# Weapons of maths destruction

I was saddened to hear about the death of Shakuntala Devi, the maths genius, earlier this week. Her feats were many but what astounded me was the fact that she multiplied two 13-digit numbers in 28 seconds. That would be the amount of time it would take me to read out a 13-digit number. (And I’d probably get even that wrong.) But Shakuntala Devi was no ordinary genius. She was so passionate about her subject that she was ready to share her techniques of simplifying it. She was sure that children could learn to love mathematics (or “max”, as we liked to call it). I sure could’ve used some of those techniques in school.

Now, the world is divided into two kinds of people: Those who get all nostalgic about school, and those who feel a shiver run down their spine at the mention of the word. I belong to the second category. I was so traumatised by the experience that even now I have nightmares about having to sit for my Class 12 exams. Research shows that I am not alone in this. Apparently, tests and schools do figure quite high in the list of common nightmares, along with nightmares about all your teeth falling out, being naked in a supermarket, and being chased by Rajinikanth (not all at the same time, of course).

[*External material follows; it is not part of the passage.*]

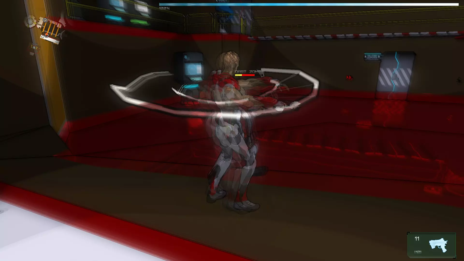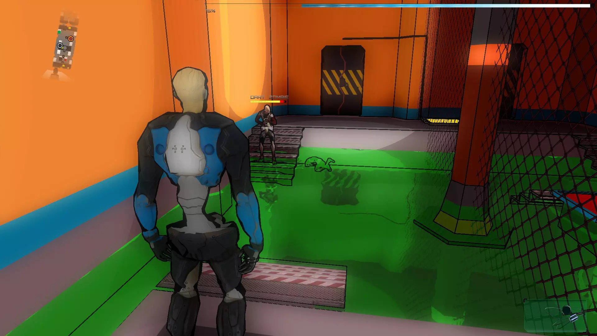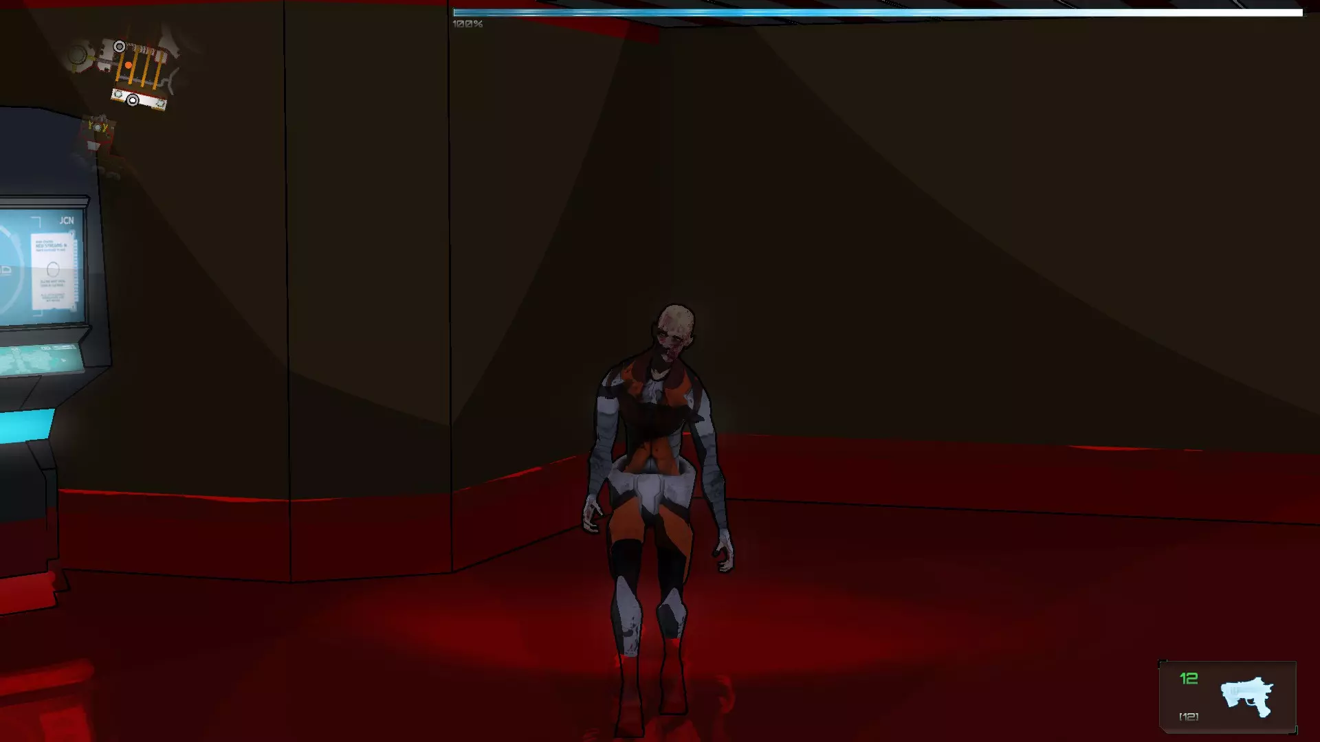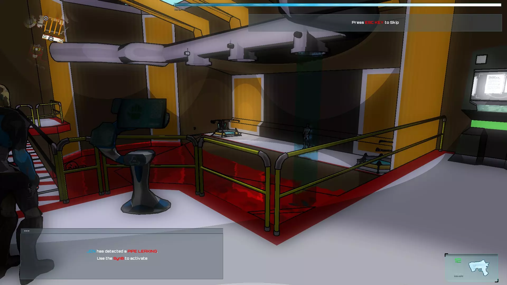进入后会开始一波敌人攻击,首先是僵尸。在这个房间里,我们可以激活中间的终端,然后使用我们的激光(武器的激光也可以作为激活器)激活左右两侧的每个面板,这样水会在一段时间内变成绿色。绿色的水会对被感染的SynBs造成伤害,但不会伤害到你。
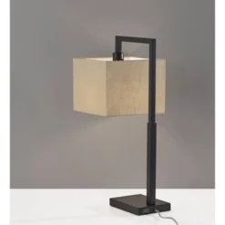With a clean, minimalist shape and a simple color palette, the 25″ tall Richard table lamp exudes modern style. It features a black metal rectangular base measuring 5.5″ by 8″. The black finish continues up the narrow rectangular stem leading to a square, beige textured fabric shade that softly distills the light. For convenient access to AC power on your table or desk, the base includes an outlet subtly located on the back. The 60W bulb (not included) is operated by a rotary switch located on the socket, and the lamp features a 5′ clear cord. Complete your space’s look with the coordinating Richard floor lamp.

For me, the nightmare is specifically about the maths exam. Here’s how it goes. I am trying to solve a complex maths equation. Now, in one level of my dream, I am sitting at a table, writing a solution. In the second level of the dream, the equation is inscribed on my Co-optex blanket. In fact, the equation is my Co-optex blanket. I now have to be very careful because even the slightest movement in Level 2 can jeopardise the situation in Level 1. A twitch of my elbow can send the addition sign spinning into a multiplication sign. If I adjust my pillow, two brackets fall down into the equation and take up bizarre positions. And a sneeze in Level 2 sends Pi flying from one side of the equation to the other in Level 1. It’s like Inception for Tambrams.

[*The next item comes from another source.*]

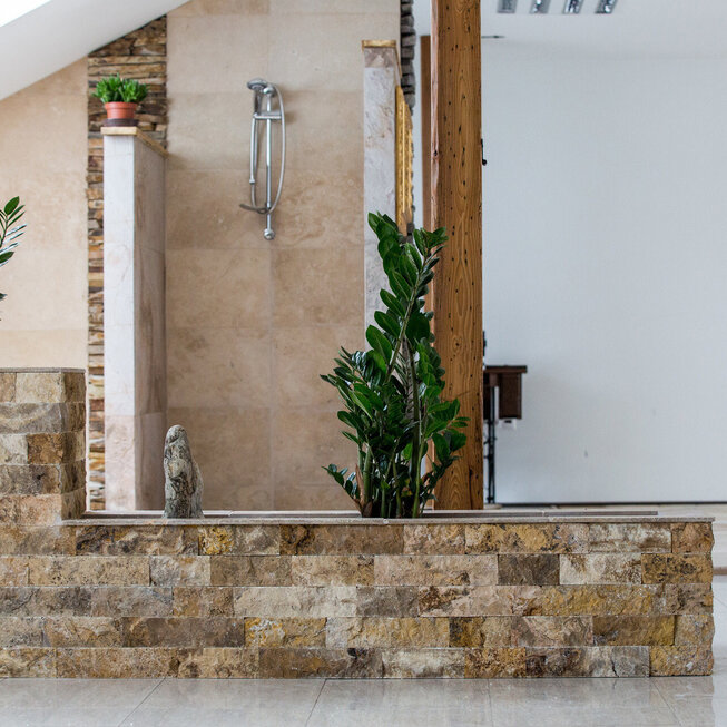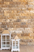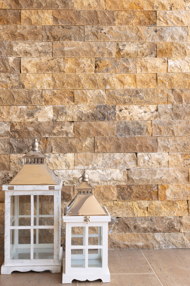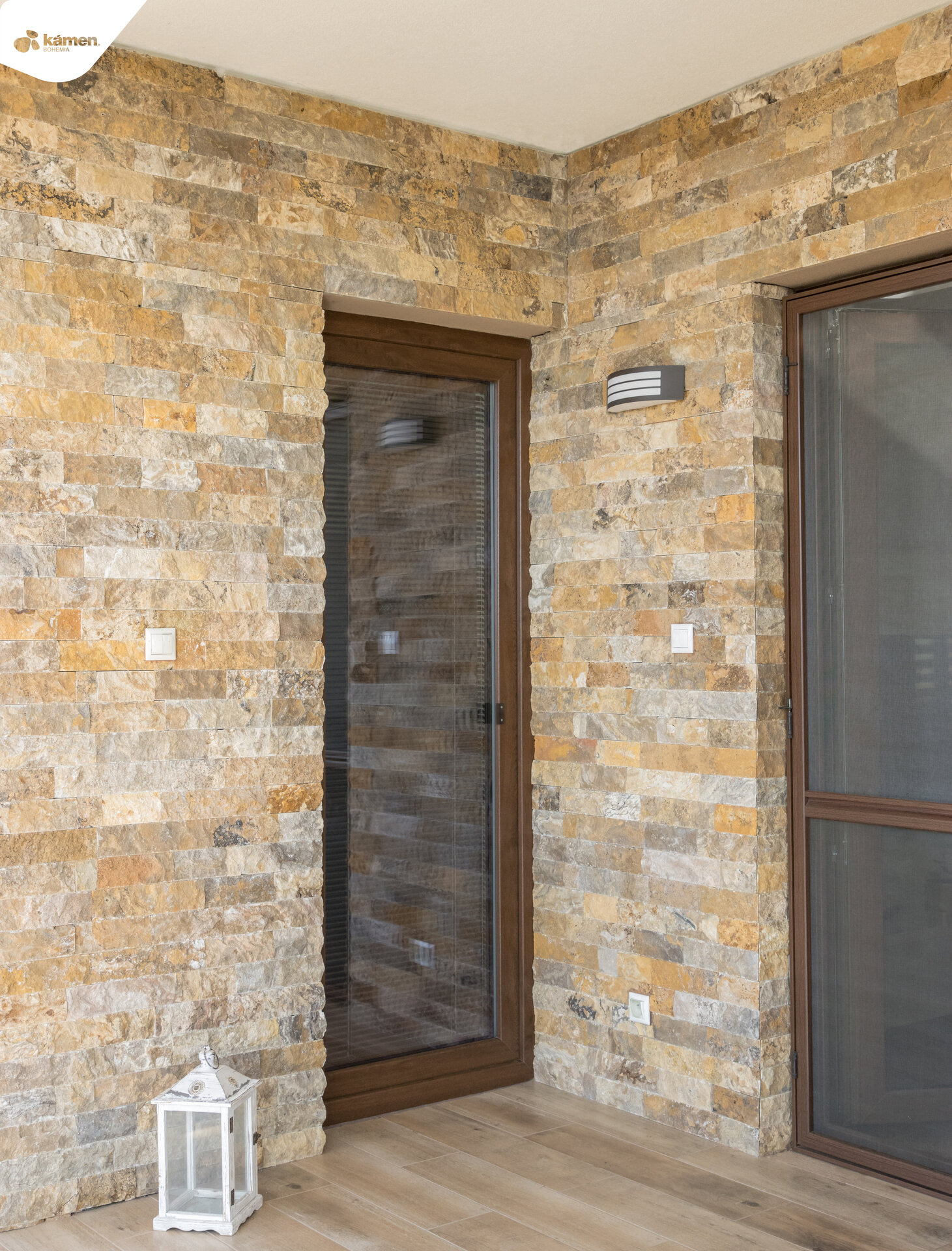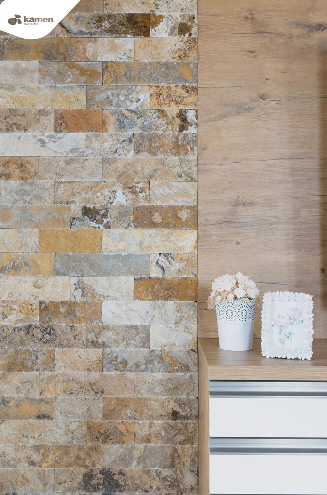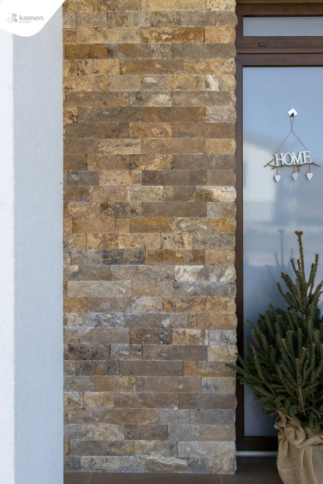 Kamenný cihličkový obklad v zajímavé barevné kombinaci colormix je vhodný do interiéru pro obklad stěn či krbů, ale i do exteriéru jako obklad fasády, soklu či zdí. Jeho hranatá struktura se podobá stěnám dávných hradů či zámků a ve spojení se zelenými trvalkami či stromky připomíná časy zapomenuté historie.

The nightmare usually ends with me waking up in a cold sweat. I then remind myself that I’m now an adult and I don’t have to worry any more about maths in my life.

The farmer problem was one I particularly hated. An ailing farmer (I always imagined him to be Ashok Kumar) would own an oddly shaped piece of farmland. He would declare, on his deathbed, that he was leaving one-third of his land to the first son, one-fourth to the second son, and one-ninth to the third son. The resulting maths problem he was generously bequeathing to the youth of India. From solving this particular problem in class, I learnt two valuable life lessons: (a) Never underestimate fractions, and (b) If you’re going to have more than two children, don’t become a farmer.

Or take those man-hour problems which went like this: If 10 men can build a house in 20 days, how many days will 15 men take to build a house? Now in the real world, answering this question requires more than just number-crunching. The realisation came to me after I spent some time observing the construction work in my street. At the flats labelled “Purple Pranav”, the pace of construction is frenetic. Supervisors hold meetings each morning with eager workers, and new walls spring up almost overnight. On the other hand, at “Gajalakshmi Glacial”, the approach is more laidback. It took them all of Monday to install exhaust fans on the ground floor. On Tuesday, the chaiwallah made the observation that it was perhaps a bit unorthodox to have a fan that sucked in air from the outside, instead of the other way around. Wednesday was spent discussing who would take the blame. By Thursday, the supervisor had offered up his assistant for sacrifice, and they started their work again. Now, where were we with that problem?

But by far, the worst maths problem was the word “riddle”. For those who haven’t encountered this vile problem, let me give a sample: Gita is taller than Sita and Amar. Akbar is shorter than Amar, but is less annoying than Gita. Given these facts, deduce what circus act was Sita most partial to.

Dear readers, if any of you can answer this in 28 seconds, I swear to you, I will become a farmer.

Suchi Govindarajan works as a technical writer. In her spare time, she does freelance writing and editing, and pretends to be a photographer.